In the picture below, you can find en example of my situation. I have already tried with joins but it didn´t work out.

 

 

 

As you see, I want to update data set 1 with the values of data set 2. On the right, you can see the desired output.

 

Thank you a lot :)

 

Daniel

Trifacta_Alumni
Alteryx Alumni (Retired)

Sure no problem. On this screenshot i would like to know why Type A is replaced with Type B3. There should be a way to uniquely identify rows from both dataset. Is there a primary key id for these records in bot datasets?

 

 

I am also thinking if there is a way you would want to assign a composite key to combination of (Date,Car and Type) for both datasets and then left join Dataset 2 with Dataset1.

TrifactaUsers
10 - Fireball

No. There is no primary key. The idea is to drop the values in yellow and to append the new values in green. It´s like replacing the old values with the new ones contained in the data set 2.

 

You can think of it like copying all the values in green and pasting these values in the data set 1 matching the first date in data set 2 (09.05.2020 in the pic)

TrifactaUsers
10 - Fireball

For a better understanding:

 

 

 

One idea might be to unify both the data sets (Source "A" stands for data set 1 and "B" for data set 2) and then remove the rows where Source is "A" and date is between MIN and MAX date where Source is "B".

 

In pseudo code:

 

IF(Source == "A"):

FOR(i in date):

IF(i >= MIN(date(WHERE Source == "B") AND i <= MAX(date(WHERE Source == "B")):

REMOVE row

Trifacta_Alumni
Alteryx Alumni (Retired)

Hi @Daniel Zito? I am still working on a way to do this through a union. Meanwhile, it can be done using two join statements.

 

On Source A create a recipe and name it transform_A. Paste these 3 steps on the recipe. You can copy each step and paste or copy all steps and from recipe editor, select More(ellipsis) task and paste 3 steps.

 

settype col: Date customType: 'Datetime','dd-mm-yy','dd*mm*yyyy' type: custom

derive type: multiple value: rownumber() group: Date order: Date as: 'rownum'

merge col: Date,rownum with: ':' as: 'pid'

 

Do exactly the above for Source B and name the recipe transform_B

 

On flow view again, add a new recipe to transform_B. Name this recipe join B. edit recipe.

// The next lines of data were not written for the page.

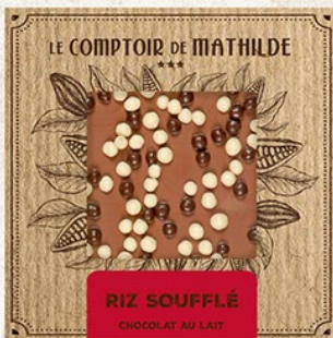
TABPM0019 TABLETTE CHOCOLAT LAIT PERLES CRISPY 80G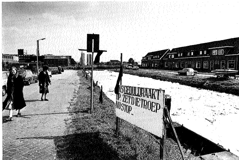
Sterke waterverontreiniging tijdens de aardappelmeelkampagne in Veendam, 1979

havengebied, het veenkoloniaal afvalwater, de aanleg van de Duitse Dollarthafen en atoomenergieplannen speelden, ontstond de behoefte aan een moderne, deskundige en slagvaardige actiegroep. De Waddenvereniging nam begin 1974 het initiatief tot zo'n werkgroep en stelde een vaste medewerker, en later ook een jurist, en het sekretariaat in Harlingen er gedeeltelijk voor vrij. Verder namen andere natuur- en milieuorganisaties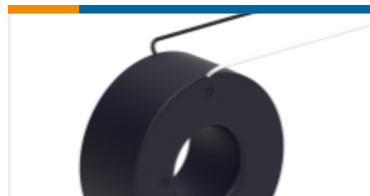
TE 产品编号CG3615-000 CI-2RL500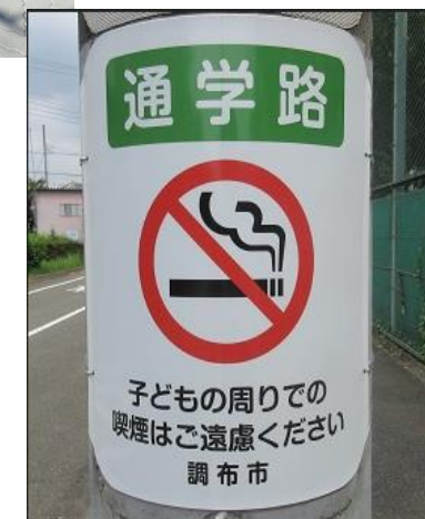
通学路 電柱巻き看板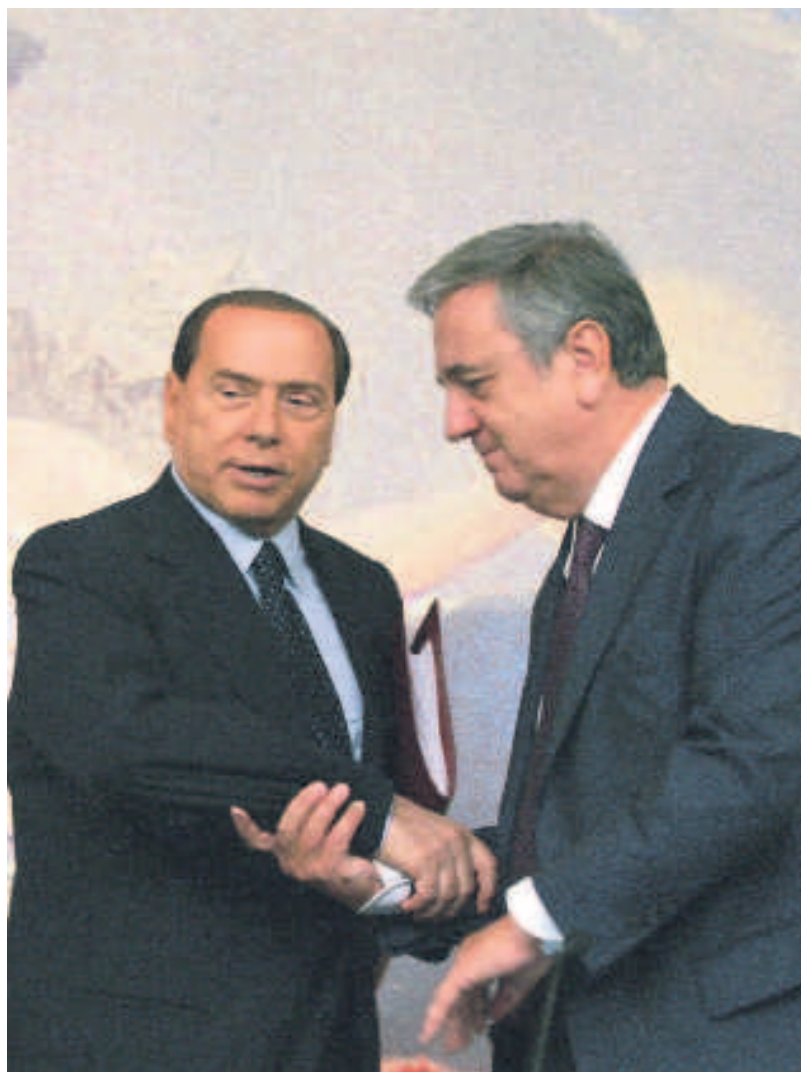
La circolare contro i registri comunali dei biotestamenti porta la firma di Sacconi

Dopo ventuno mesi il ddl sul biotestamento verrà sottoposto al voto della Camera. Intanto il governo ha potuto agire per via autoritaria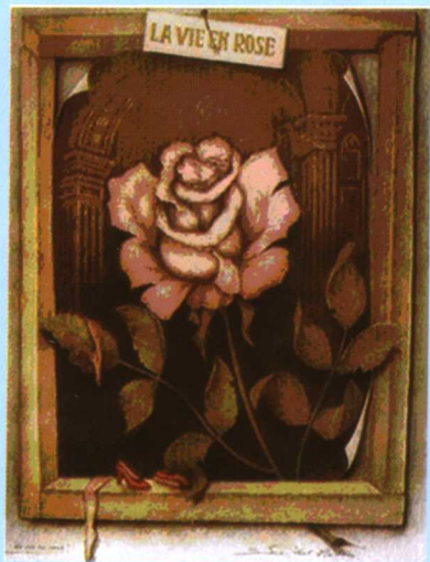
彩图二 是玫瑰花还是情侣？ (释文见正文 115 页)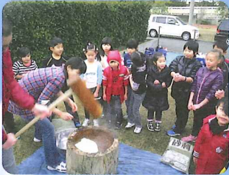
季節行事でコミュニティ

Choose join from the toolbar, left join, pid as joining key.

Output columns, unselect all from single click checkbox and select only Date, Car, Type and Sells columns coming from Source B(denoted by orange) and not Source A(denoted by green). Add step.

 

On flow view again, add a new recipe to transform_A. Name this recipe join A. edit recipe.

Choose join from the toolbar, left join, pid as joining key.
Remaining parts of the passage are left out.